>>>>>

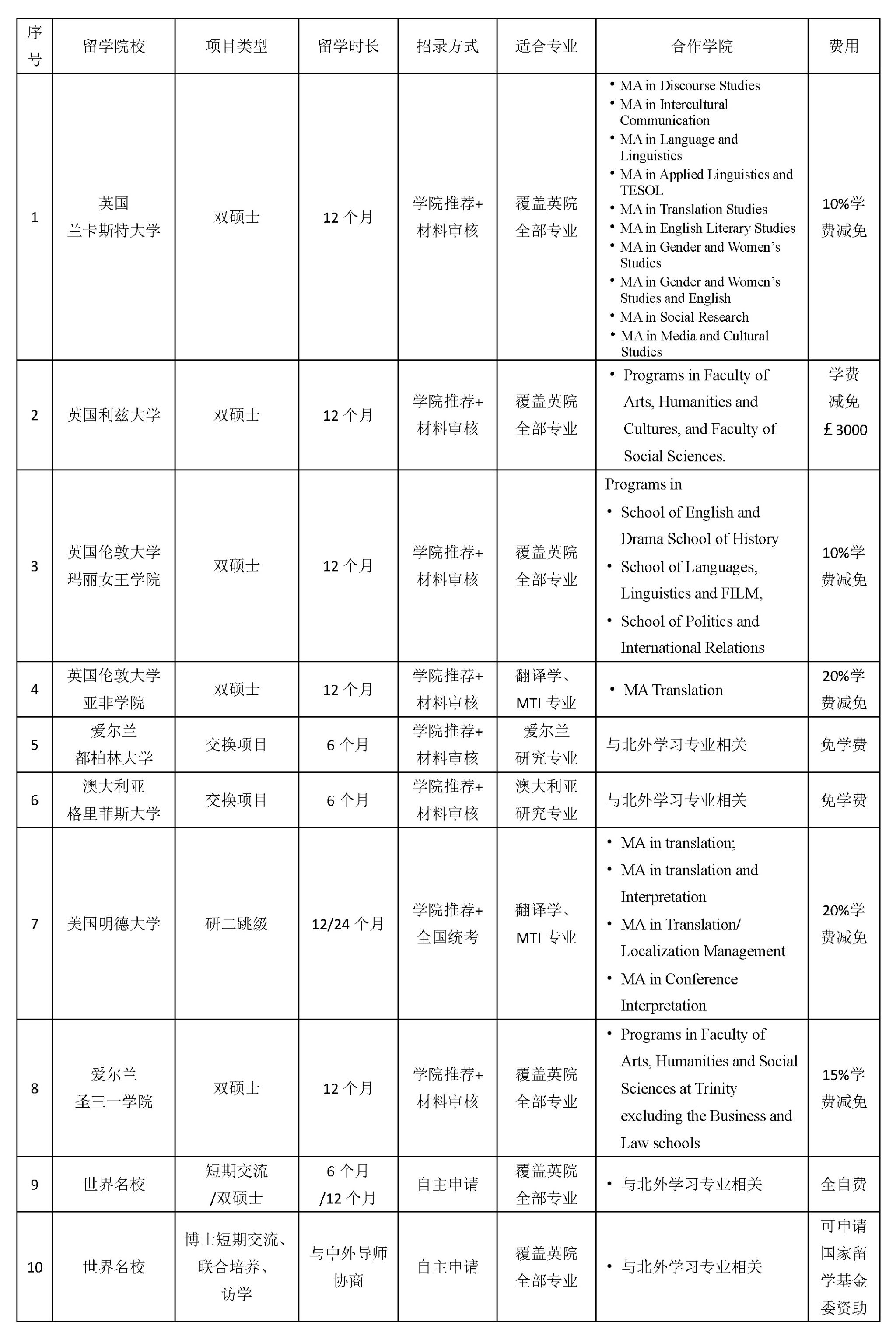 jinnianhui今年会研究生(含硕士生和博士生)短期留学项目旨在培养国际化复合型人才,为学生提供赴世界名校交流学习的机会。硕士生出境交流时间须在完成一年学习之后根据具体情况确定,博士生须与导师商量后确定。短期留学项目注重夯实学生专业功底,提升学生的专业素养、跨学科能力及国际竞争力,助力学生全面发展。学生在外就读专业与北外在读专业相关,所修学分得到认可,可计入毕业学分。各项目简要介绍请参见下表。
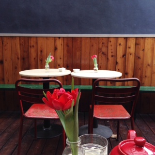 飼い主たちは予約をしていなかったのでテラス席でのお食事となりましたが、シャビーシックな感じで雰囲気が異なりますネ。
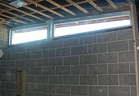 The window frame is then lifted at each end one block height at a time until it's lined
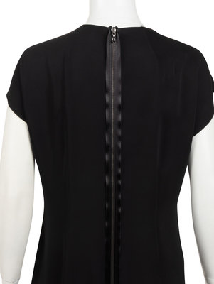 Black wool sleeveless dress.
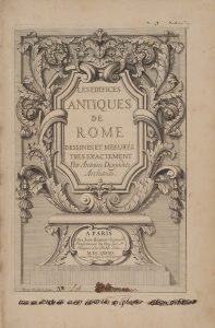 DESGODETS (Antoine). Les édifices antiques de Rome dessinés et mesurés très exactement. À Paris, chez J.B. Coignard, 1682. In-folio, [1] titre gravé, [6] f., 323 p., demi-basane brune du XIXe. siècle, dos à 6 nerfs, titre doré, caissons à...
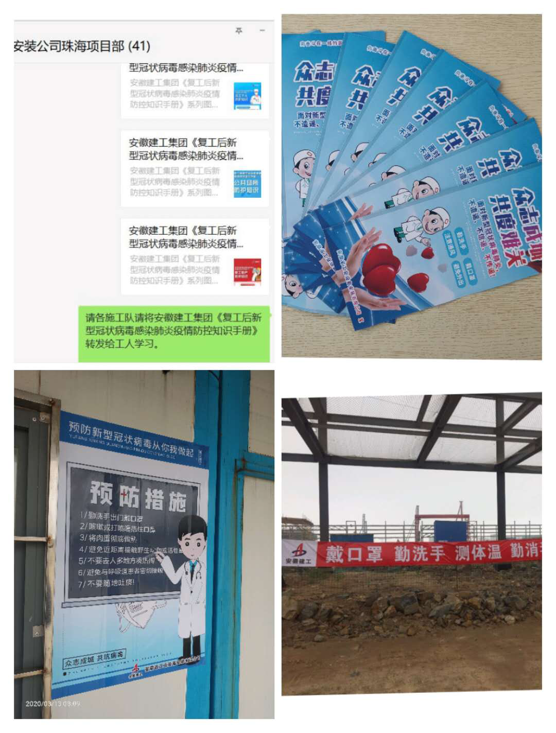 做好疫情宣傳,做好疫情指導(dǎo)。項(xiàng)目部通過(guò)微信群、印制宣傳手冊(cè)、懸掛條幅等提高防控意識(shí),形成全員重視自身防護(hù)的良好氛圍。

<<<<<

Print the records above again exactly. Leave out the images.

### Response for this exercise
 jinnianhui今年会研究生(含硕士生和博士生)短期留学项目旨在培养国际化复合型人才,为学生提供赴世界名校交流学习的机会。硕士生出境交流时间须在完成一年学习之后根据具体情况确定,博士生须与导师商量后确定。短期留学项目注重夯实学生专业功底,提升学生的专业素养、跨学科能力及国际竞争力,助力学生全面发展。学生在外就读专业与北外在读专业相关,所修学分得到认可,可计入毕业学分。各项目简要介绍请参见下表。
 飼い主たちは予約をしていなかったのでテラス席でのお食事となりましたが、シャビーシックな感じで雰囲気が異なりますネ。
 The window frame is then lifted at each end one block height at a time until it's lined
 Black wool sleeveless dress.
 DESGODETS (Antoine). Les édifices antiques de Rome dessinés et mesurés très exactement. À Paris, chez J.B. Coignard, 1682. In-folio, [1] titre gravé, [6] f., 323 p., demi-basane brune du XIXe. siècle, dos à 6 nerfs, titre doré, caissons à...
 做好疫情宣傳,做好疫情指導(dǎo)。項(xiàng)目部通過(guò)微信群、印制宣傳手冊(cè)、懸掛條幅等提高防控意識(shí),形成全員重視自身防護(hù)的良好氛圍。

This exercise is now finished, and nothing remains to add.